Tapping the Brakes on AI Use in Peer Review
A recent article by Jocelyn Kaiser in AAAS’ Science magazine, Science funding agencies say no to using AI for peer review, reports that NIH and other US government agencies that fund scientific research are beginning to forbid the use of generative AI tools such as ChatGPT in the peer review processes that evaluate research funding requests.
Funding agencies do need more time to create appropriate ground rules for how to best use AI tools in the peer review process. While simply banning their use outright would be both premature and counterproductive, the reality is that we don’t yet understand how best to govern the use of such tools. Issues associated with their use are real:
Even if the proposal review use of AI tools is limited to “summarizing” the text of proposals to speed the review process, the possibility of errors being introduced is real.
AI platform managers are still developing protections to govern the input and subsequent processing of confidential, proprietary, and/or personal information.
AI tools have been known to fabricate very realistic sounding information.
Forbidding the use of tools like ChatGPT in the review process makes sense – but only for now. We do have to experiment with and consider a variety of ways for governing their usage.
For example, Michael Kaplan and I have been researching the use of AI tools such as ChatGPT in the project management process; some of our finding so far are here and here. We have found such tools to be extremely valuable--but only if their use is carefully governed and understood by knowledgeable and experienced people.

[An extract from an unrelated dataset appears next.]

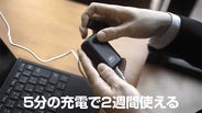 本体スティックは約5分の充電で約2週間使用(※)できます。パソコンやモバイルバッテリーで充電ができ、持ち運びに便利です。※当社測定値。使用環境や使用状況により異なります。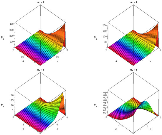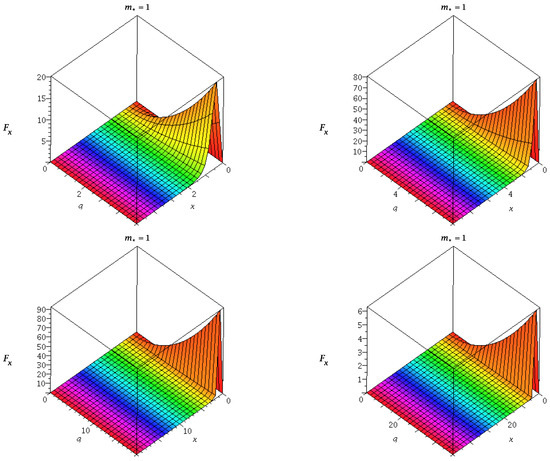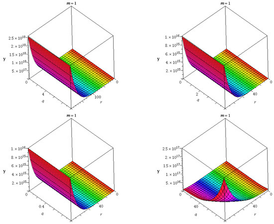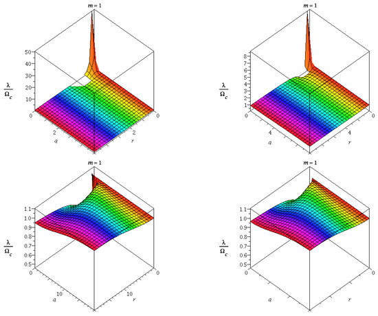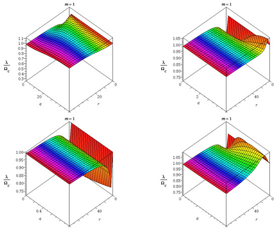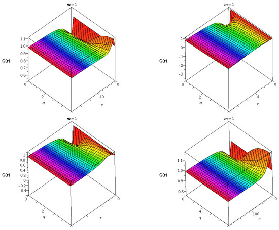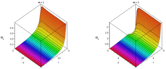 In the limit , one obtains the QNM frequency for Schwarzschild BH in the eikonal limit [33]. Similarly, it implies that the real and imaginary parts of the QNMs of regular ABG BH in the Eikonal limit are given by the frequency and instability time scale of the unstable circular photon geodesics. One could observe the variation of angular frequency and with and q in Figure 11, Figure 12 and Figure 13. It should be noted that in the eikonal limit the relation between the null circular geodesics and QNMs frequency get violated in case of higher curvature gravity i.e., Lovelock gravity [34] but for regular BHs this relation does not violate at all as we have seen from our computation.

My own belief is that eventually rules and policies will be developed governing the use of AI tools not just in the proposed proposal peer review process, but also in other areas of R&D, including research design, data analysis and interpretation, and even in R&D management. Current issues such as the handling of confidential and personal information in LLM database training will eventually be resolved.
Put another way, there’s no going back. People who understand these tools will learn how to use them and govern them responsibly; I intend to be in that group.
At the same time, we have to understand that these new tools do have the ability to disrupt both management and research processes. We must be prepared to recognize and manage the resulting changes.